Habertürk
    Takipde Kalın!
      Günlük gelişmeleri takip edebilmek için habertürk uygulamasını indirin
        Anasayfa Özel İçerikler Murat Bardakçı İmparatorluk töreni gibi...

        Türkiye’de, 24 Nisan 1931’de genel seçimler yapılacaktı...

        Reisicumhur ve Cumhuriyet Halk Fırkası Reisi Gazi Mustafa Kemal, seçimlerden dört gün önce, 20 Nisan’da aday listeleri ve memleket meseleleri hakkında bir bildiri yayınladı...

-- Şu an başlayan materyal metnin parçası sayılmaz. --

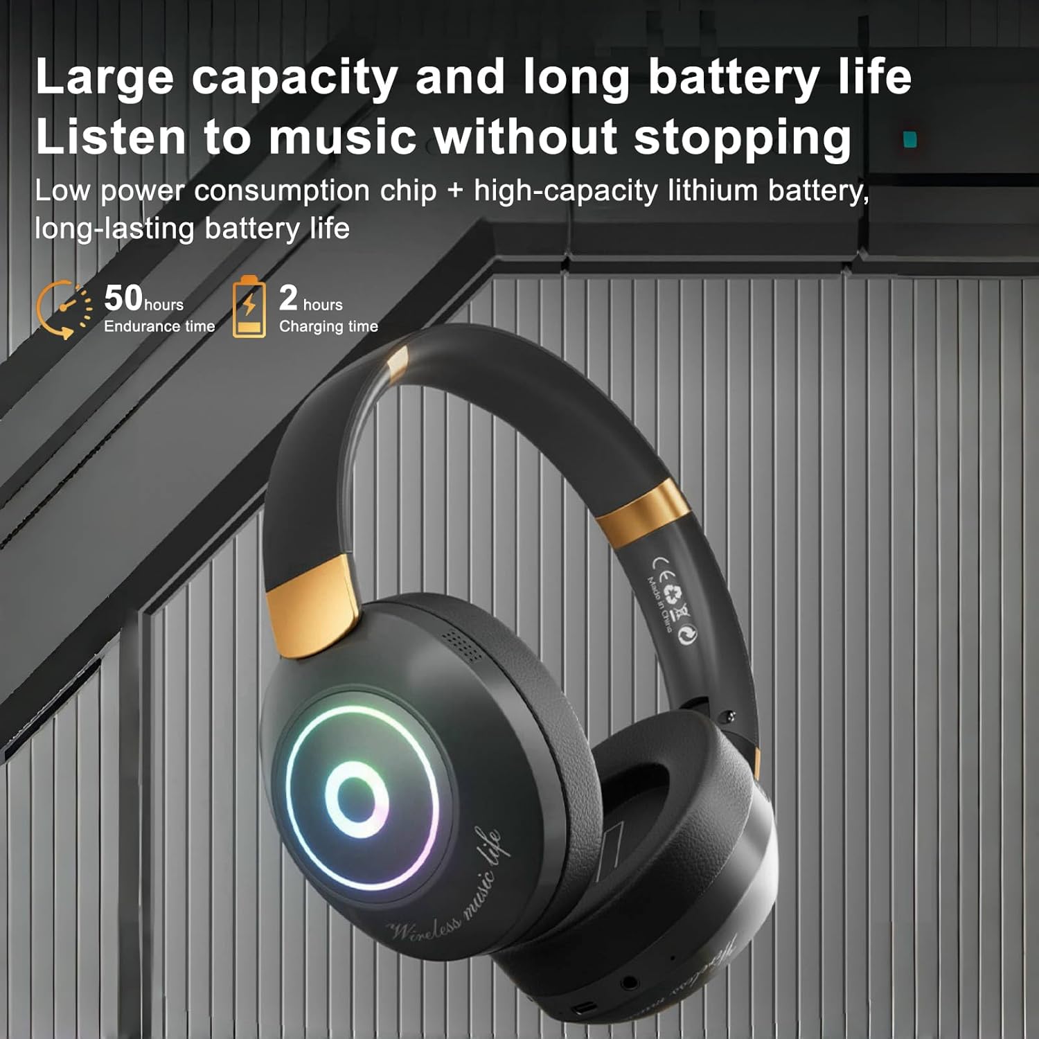 🎧【【Wide Compatibility】: This wireless over ear headphones are compatible with all Bluetooth or 3.5mm plug cable enabled devices.You can also use it as a wired headphone with the provided audio cable so the headphones will never power off. They also feature a set of LED lights that run around the edges of the earpiece for an awesome, stylish look!

        Mustafa Kemal, “parti başkanı” olarak yayınladığı bildirisinin bir yerinde “Cumhuriyet Halk Fırkası’nın müstakar (istikrarlı) umumî siyasetini şu kısa cümle açıkça ifadeye kâfidir zannederim: Memlekette sulh, cihanda sulh için çalışıyoruz. Bundan sonra arzetmek isterim ki, millî vaziyetimizi refaha ve inkişafa (gelişmeye) doğru hareketli bir gidiş haline koymak hususundaki düşüncelerimize kuvvetle bağlıyız” diyordu.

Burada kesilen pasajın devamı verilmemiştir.